Pragmatism: The Kantian Legacy
Dr David Macarthur
One of the abiding myths of pragmatism is that it opposes Kantianism. Rorty writes, “The great pragmatists should [be seen] as breaking with the Kantian epistemological tradition altogether.” In this course we will show that, on the contrary, Peirce’s reconception of epistemology on the model of scientific inquiry – adopted by all the leading pragmatists, including Quine and Putnam – has deep Kantian roots. Following this path we will be in an ideal position to explore the connections between epistemology and political theory and the importance of Kant’s idea of public reason.
Personal and Temporal Perspectives on Living Well
Dr Tom Dougherty
This seminar will cover ethical issues with personal and temporal dimensions. What is the ethical significance of the fact that you have particular attachments to certain people and projects? What reasons do you have to persist with your current attachments? Readings may include Williams, Parfit, Wolf, Korsgaard, Frankfurt, Raz and Buss.
Dr Anik Waldow
This unit will consider ancient, Renaissance and early-modern forms of scepticism and investigate the connections with modern scepticism.
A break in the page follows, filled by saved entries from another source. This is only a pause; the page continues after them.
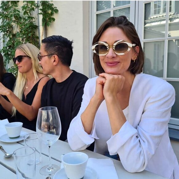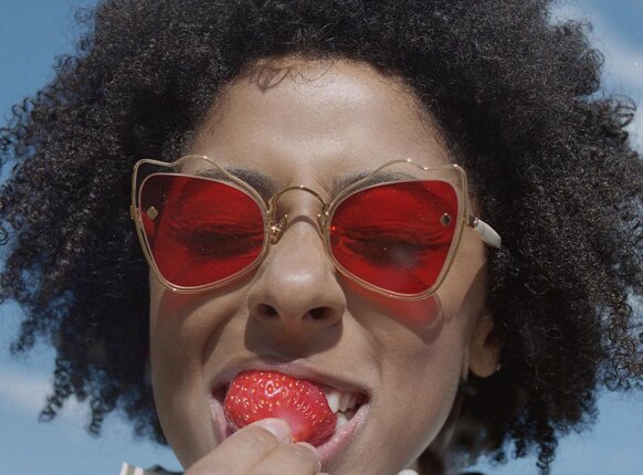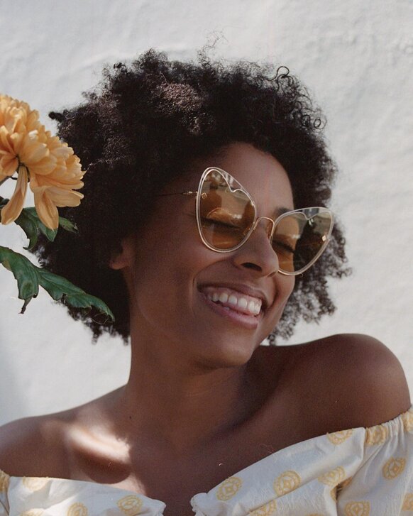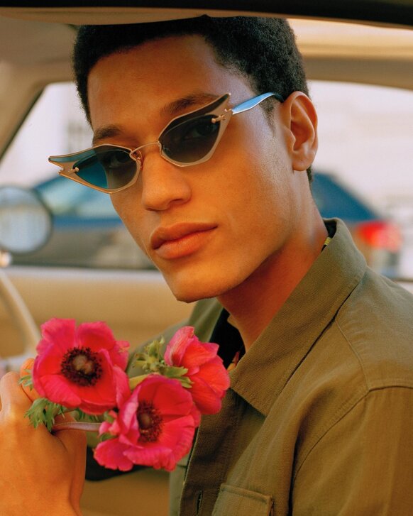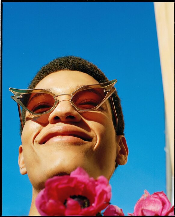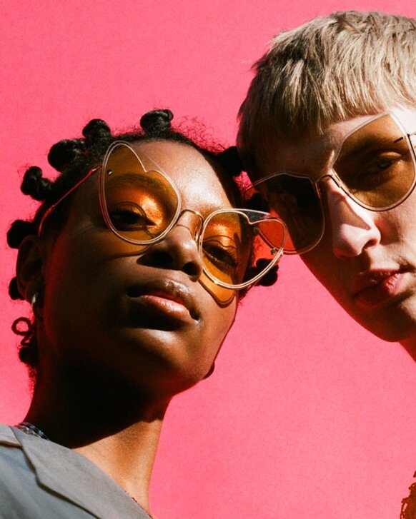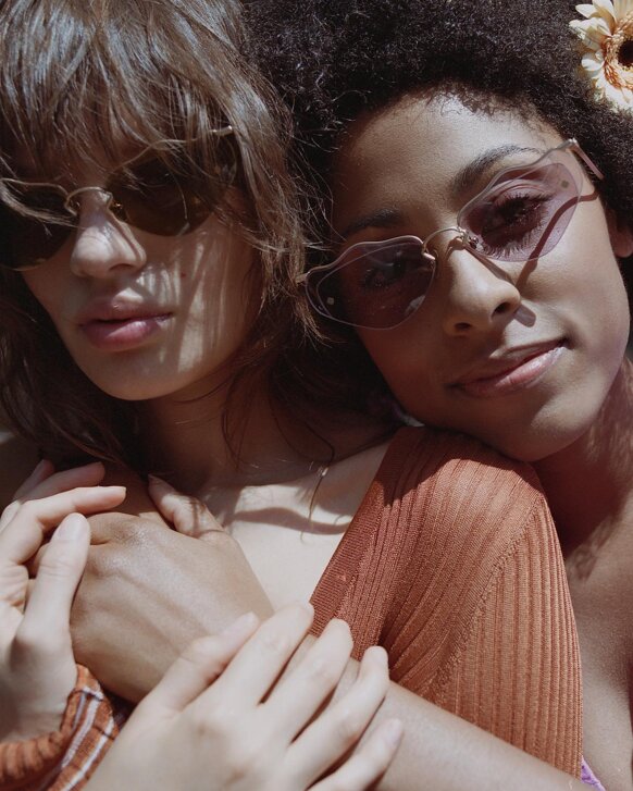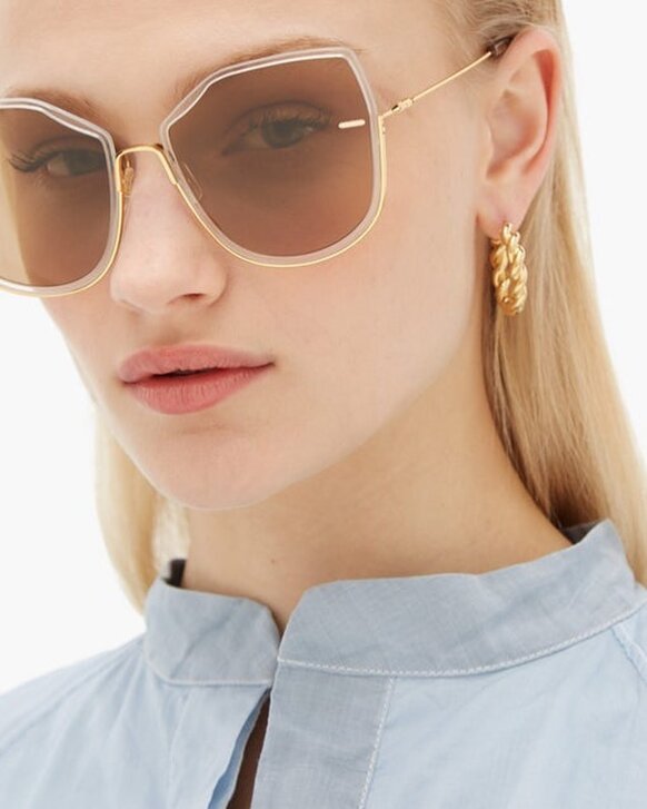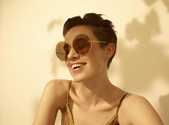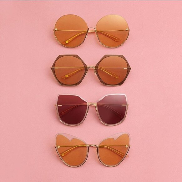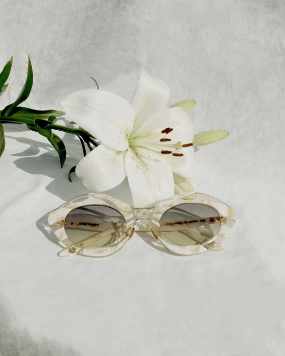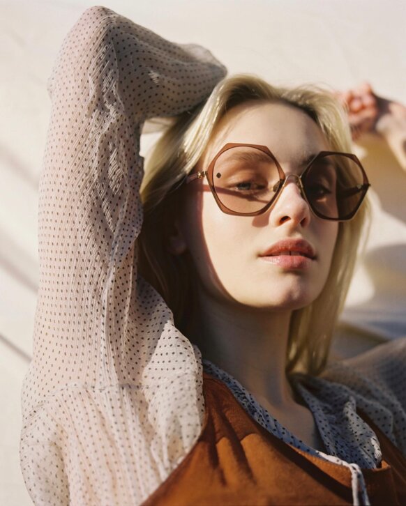 I colori sono scelti con cura per riflettere l'atmosfera MØY; fiammeggiante, caldo e invitante. Realizzati con la combinazione unica di metallo placcato in oro 12k, lenti in nylon e acetato fine, cerca di creare leggerezza ed eleganza.
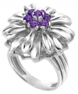 14K White Gold Large Flower Ring with Seven Amethysts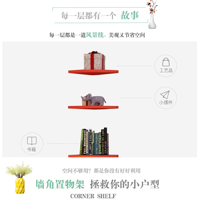 코너 선반 침실 장식 비 천공 파티션 벽 삼각형 책장 벽 팬 모양의 주방 벽 교수형 신제품스토어 가기

We shall be particularly concerned to discover the anti-dogmatic, belief-reconciling and moral implications of sceptical arguments. Our discussion will be centred around the question of whether and to which extent our ordinary epistemic practices rest on something we might call 'rational faith' and we how this sort of belief can be distinguished from other species of (religious, dogmatic and superstitious) faith. (Literature: Sextus Empiricus, Outlines of Scepticism, ed. Julia Annas and Jonathan Barnes, Cambridge: University Press, 2007; Michele de Montaigne, An Apology for Raymond Sebond, Penguin, 1993; Rene Descartes, Meditations and Other Metaphysical Writings, trans. D. Clarke, Penguin)
Venue details for all of these units will be posted on the philosophy notice board, outside the Philosophy Common Room S413, Main Quad A14, at the beginning of semester.